Ее темные глаза изучают его поверх коленных чашечек.

— Что тебя так вывело из себя?

— Не знаю...

Но такой ответ ее не устраивает.

— Ты постоянно так говоришь, — продолжает она. — Но явно что-то происходит. Мы что-то не то сказали? Ты уже второй раз так сбегаешь.

Он тушит сигарету о влажную землю и смотрит вниз, подыскивая правильные слова.

— Я был глуп, — медленно говорит он. — В какой-то миг мне показалось, что вы обвиняете меня в том, что я... — Его голос замолкает. Он не может произнести это слово.

— В том, что ты кто — преступник? — Ее глаза недоверчиво расширяются. — Но, Мэтти, мы же просто играли в игру! С чего бы, даже на секунду, кто-то мог решить, что ты преступник? — Она тихонько посмеивается, хотя ее лоб по-прежнему морщится в замешательстве.

Потому что я сам себя им ощущаю? Потому что боюсь, что им стал? Но он не может этого сказать Лоле — даже сам не может этого понять.

Он вынуждает себя встретиться с ней взглядом.

— Лола, я не... я, правда, не знаю, что происходит. Мне кажется, со мной что-то случилось. Как будто внутри меня боль, и я не могу от нее избавиться, а она все не прекращается. Ты понимаешь... понимаешь, о чем я? — Он прикусывает изнутри губу, в глубине глаз усиливается давление чего-то острого. — Ты когда-нибудь такое испытывала? Это словно депрессия или... или ощущение одиночества. Ты будто чувствуешь себя отдельно ото всех остальных, ты будто больше не на своем месте...

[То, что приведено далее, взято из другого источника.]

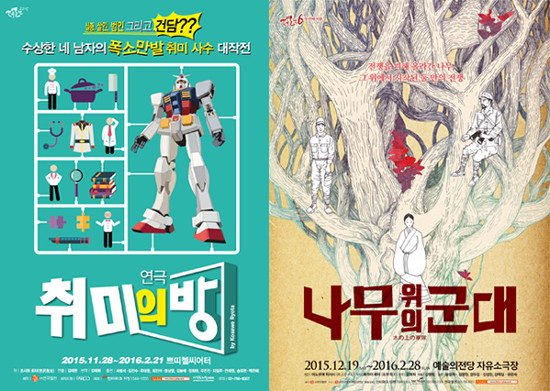 연극열전 시리즈 '취미의 방'과 '나무 위의 군대'가 2월 6일부터 10일까지 설 연휴 기간 가족들과 특별한 문화생활을 즐길 수 있는 다양한 이벤트를 준비했다.대학로 쁘띠첼씨어터에서 공연되는 '취미의 방'을 찾는 관객들은 현장에서 바로 경품을 추첨하고 수령하는 '추억의 즉석 뽑기 이벤트'에 참여할 수 있다. 공기청정기, 건담 프라모델, 공연·전시회 티켓 등의 경품이 증정된다.예술의전당 자유소극장에서 공연되는 '나무 위의 군대' 역시 번호표 추첨 방식의 '복(福)권 이벤트'를 통해 32종의 엽서와 사인 프로그램북, 공연 포스터와 관람권 등으로 구성된 경품 증정 이벤트를 진행한다. 극중 인물의 이름으로 제공되는 세뱃돈 형태의 경품도 포함돼 눈길을 끈다.이번 이벤트는 유료 구매자를 대상으로 연휴 기간 중 당일 응모를 통해 참여 가능하다. 두 작품 모두 공연티켓 1+1 지원사업 선정작으로 최대 66% 할인을 받을 수 있으며, 6일부터 10일까지 공연은 '설연휴할인'으로 누구나 50% 가격에 관람할 수 있다.한편, 작품성과 대중성을 인정받아 온 연극열전은 '나무 위의 군대'를 시작으로 오는 5월 선천성 장애를 가진 아들과 그 아버지를 그린 '킬 미 나우'를, 8월에는 원작의 극중극 모티프를 확장시킨 새롭고 젊은 '햄릿'을 충무아트홀 중극장 블랙에서 공연한다.또, 현대인들이라면 누구나 가지고 있을 다양한 형태의 강박증을 즐겁게 다룬 몰리에르 수상작 '톡톡'과 동명의 소설을 연극화한 '은교'로 시즌 프로그램을 이어갈 예정이다.[사진=연극열전]

Она смотрит на него с серьезным выражением лица, ее брови беспокойно хмурятся.

— Но ты не один, и ты на своем месте. Ты принадлежишь мне. Я люблю тебя, Мэтти.

Он медленно выдыхает, осторожно притягивая ее к себе, скользит руками в ее волосы, накрывает ладонями щеку. Его глаза уже близки, их губы встречаются, и он нежно целует ее, вдыхая ее теплое дыхание, впитывая вкус ее губ, языка. Но тут его охватывает новый приступ страха, такой яростный и неожиданный, что он подобен удару кулака в живот.

— Лола, — между поцелуями шепчет он. — Пожалуйста... пожалуйста, не оставляй меня.

— Я бы никогда...

— Но ты уйдешь. — Теперь он целует ее почти отчаянно. — Однажды ты уйдешь.

Она отстраняется.

— Мэтти...

Он пытается снова ее поцеловать, но в этот раз попадает лишь в уголок губ.

Она кладет руку ему на грудь, мягко отталкивая его.

— А как насчет того, что ты сказал в ту ночь у реки — разве ты не это имел в виду? Я думала, ты хочешь остаться со мной навсегда?

— Я хочу, но... у жизни свои законы...

— Почему ты так говоришь?

— Не знаю. — Он пытается отыскать какую-то причину этому внезапному, необъяснимому страху. — Потому что... потому что мы молоды, мы все еще учимся в школе. — Он снова подается вперед, ищет ее губы своими. — По статистике, сколько подростковых отношений продолжается всю жизнь?

Она прижимает ладонь к его лицу, все еще удерживая его на расстоянии, впивается в него полными замешательства глазами.

— Так вот в чем дело? Если ты уверен, что наши отношения не продлятся долго, тогда зачем их продолжать?

— Я не это хотел сказать, — отчаянно шепчет он. — Я не хочу расставаться. Боже мой, я меньше всего на свете этого хочу. Я просто пытаюсь смотреть реалистично. Однажды ты бросишь меня, я... я просто знаю...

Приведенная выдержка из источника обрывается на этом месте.